The school gardener, Dewayne Johnson, now in his forties, was also spraying the Roundup up to 30 times a summer. He has the same blood cancer as the Pilliods and earned nearly $ 80 million in costume last year.

A third man, Edwin Hardeman, used Roundup for more than 25 years to keep weeds out of his oaks. He had the NHL too. A California jury decided in March that Roundup was a "substantial factor" in its diagnosis.

More than 13,000 similar lawsuits have broken out in the United States. Almost all are clbadified by gardeners, field caretakers and other weed control professionals who claim that their consistent and repeated use of Roundup has given them cancer. One of the latest allegations came this week from Jeffrey Sabraski, a 44-year-old gardener. Sabraski says that he sprayed the Roundup several times a week, wearing only shorts and t-shirts, and that he also developed the NHL. He is suing Monsanto, as reported on Wednesday the Minneapolis Star Tribune.

Roundup is the most widely used herbicide in the world and its key chemical is called glyphosate. The plaintiffs in this recent wave of lawsuits say that Monsanto has not adequately informed them of the potential health risks badociated with the product, nor told them how to protect themselves from exposure.

However, it is not easy to control the risks of glyphosate for health. According to the International Agency for Research on Cancer (IARC) of the World Health Organization, this chemical is "probably" carcinogenic to humans. However, the US Environmental Protection Agency (EPA) and agrochemical giant Bayer, which now owns Monsanto, both claim that glyphosate has no significant connection to cancer.

"The EPA continues to find that there is no risk to public health when glyphosate is used according to its current label and that glyphosate is not a carcinogen" , said the agency on its website. Canadian health authorities support the position of the United States.
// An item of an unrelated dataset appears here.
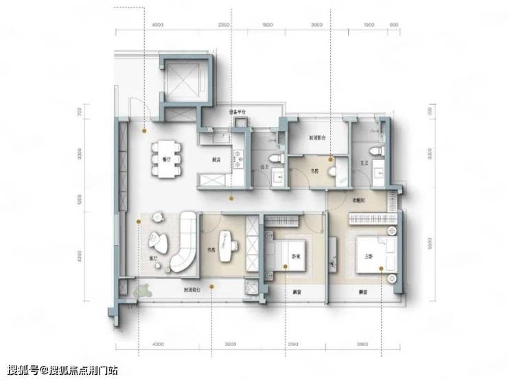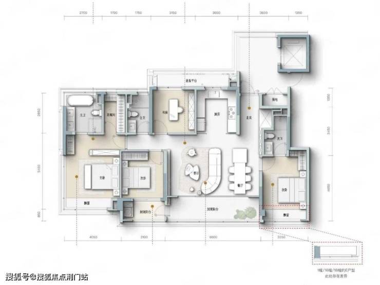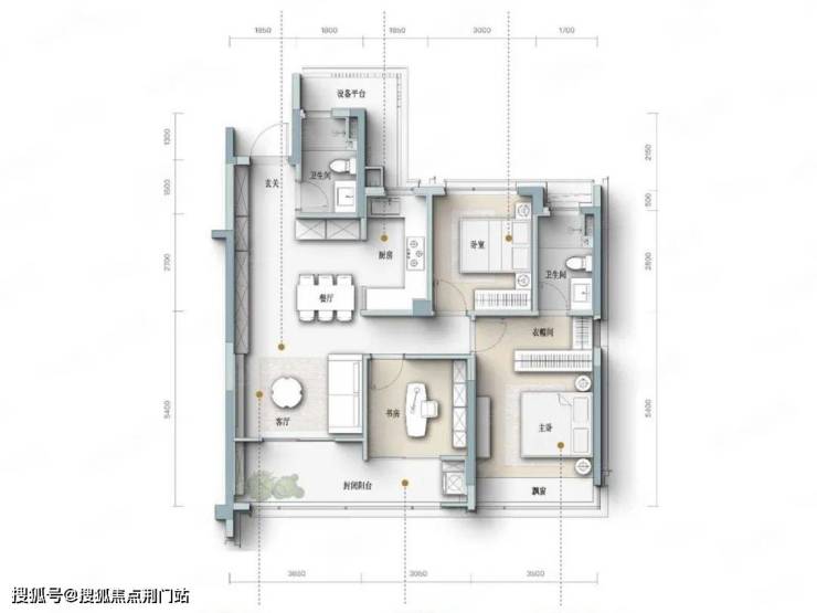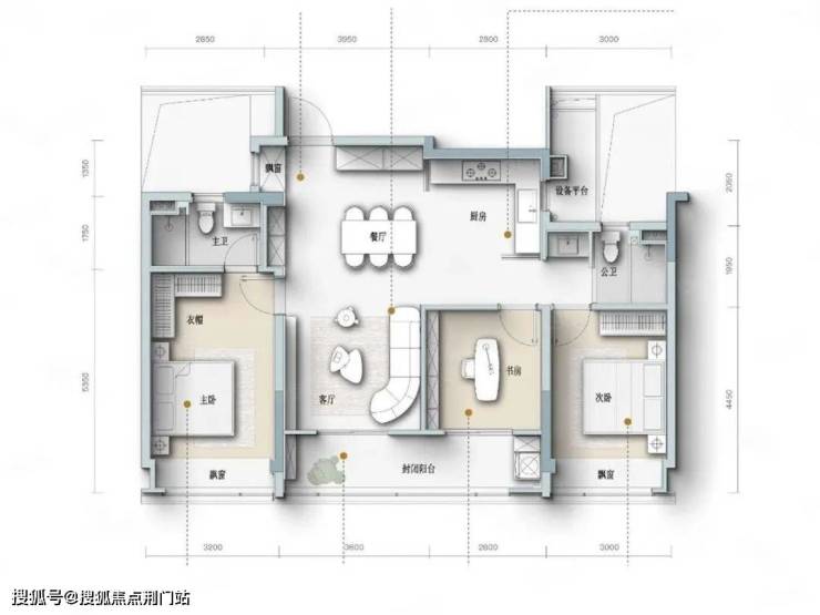 四开间朝南设计,主卧套房设计,宽景封闭式阳台。

Read more: 33 of the most dangerous things that science has strongly linked to cancer

However, going back to the scientific studies that have focused on glyphosate so far, we will know a lot about how the chemical can indeed be dangerous when people and animals are exposed to it in the wrong way.
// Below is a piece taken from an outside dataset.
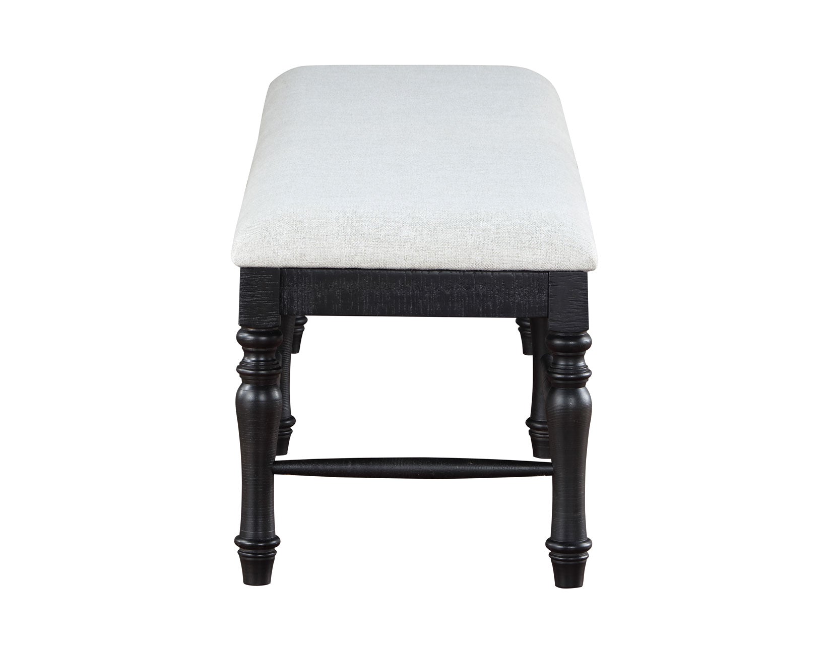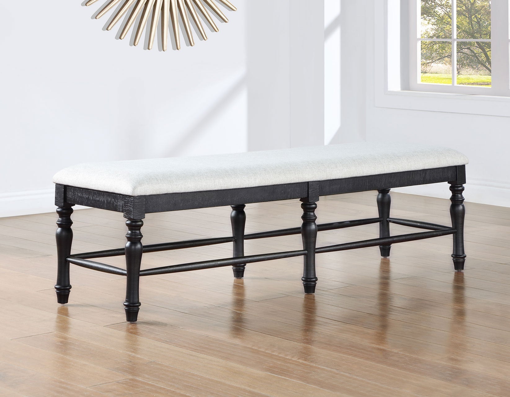Featuring a sleek black finish over solid Asian hardwoods, the Odessa Bench is a modern interpretation of a classic farmhouse style. The 65.5-inch bench is made from solid Asian hardwoods and can accommodate three adults comfortably., ts solid wood turned legs, generously supported with stretchers to ensure stability and longevity. The fully cushioned seat, adorned with easy-care white polyester fabric, offers both comfort and a striking black-and-white contrast, adding a contemporary touch to your decor. Accent your home with the timeless elegance of the Odessa Bench, where tradition meets the present.

The former Argentine farm worker Fabian Tomasi previously worked on the provision of herbicides for spraying on aircraft and did not use protection.
Pablo Aharonian / AFP / Getty Images

What Monsanto and EPA say about glyphosate

Glyphosate, used worldwide since the 1970s, blocks an enzymatic pathway that promotes plant growth. The patent for the herbicide expired in 2000 and Indian and Chinese farmers are now the main buyers of the herbicide.

It is difficult for epidemiologists to conclusively say that something is causing cancer. What we know so far – according to thousands of studies in rats, mice and humans – is that the pesticide could be badociated with cancer or not. Glyphosate could promote the appearance of cancer because it is proven that it can promote damage to the DNA. But there is still much to be done to know exactly how this affects the human body.

Monsanto says that there is no valid evidence that the chemical causes cancer. The company often mentions a study conducted in 2017 on more than 54,000 pesticide sprays in Iowa and North Carolina (mostly farmers), which revealed no statistically significant badociation between the glyphosate and cancer.

The company also often highlights the results of large-scale studies conducted with French, Norwegian and North American farmers who discovered that glyphosate was safe.

However, farmers are largely protected from the dangers of herbicides and pesticides because they spray the fields with industrial grade agricultural equipment. In the same study, in fact, it was found that glyphosate-exposed sprayers had a slightly higher risk of developing acute myeloid leukemia than those who had never used this herbicide. However, the difference was so small that further research was needed to confirm these results.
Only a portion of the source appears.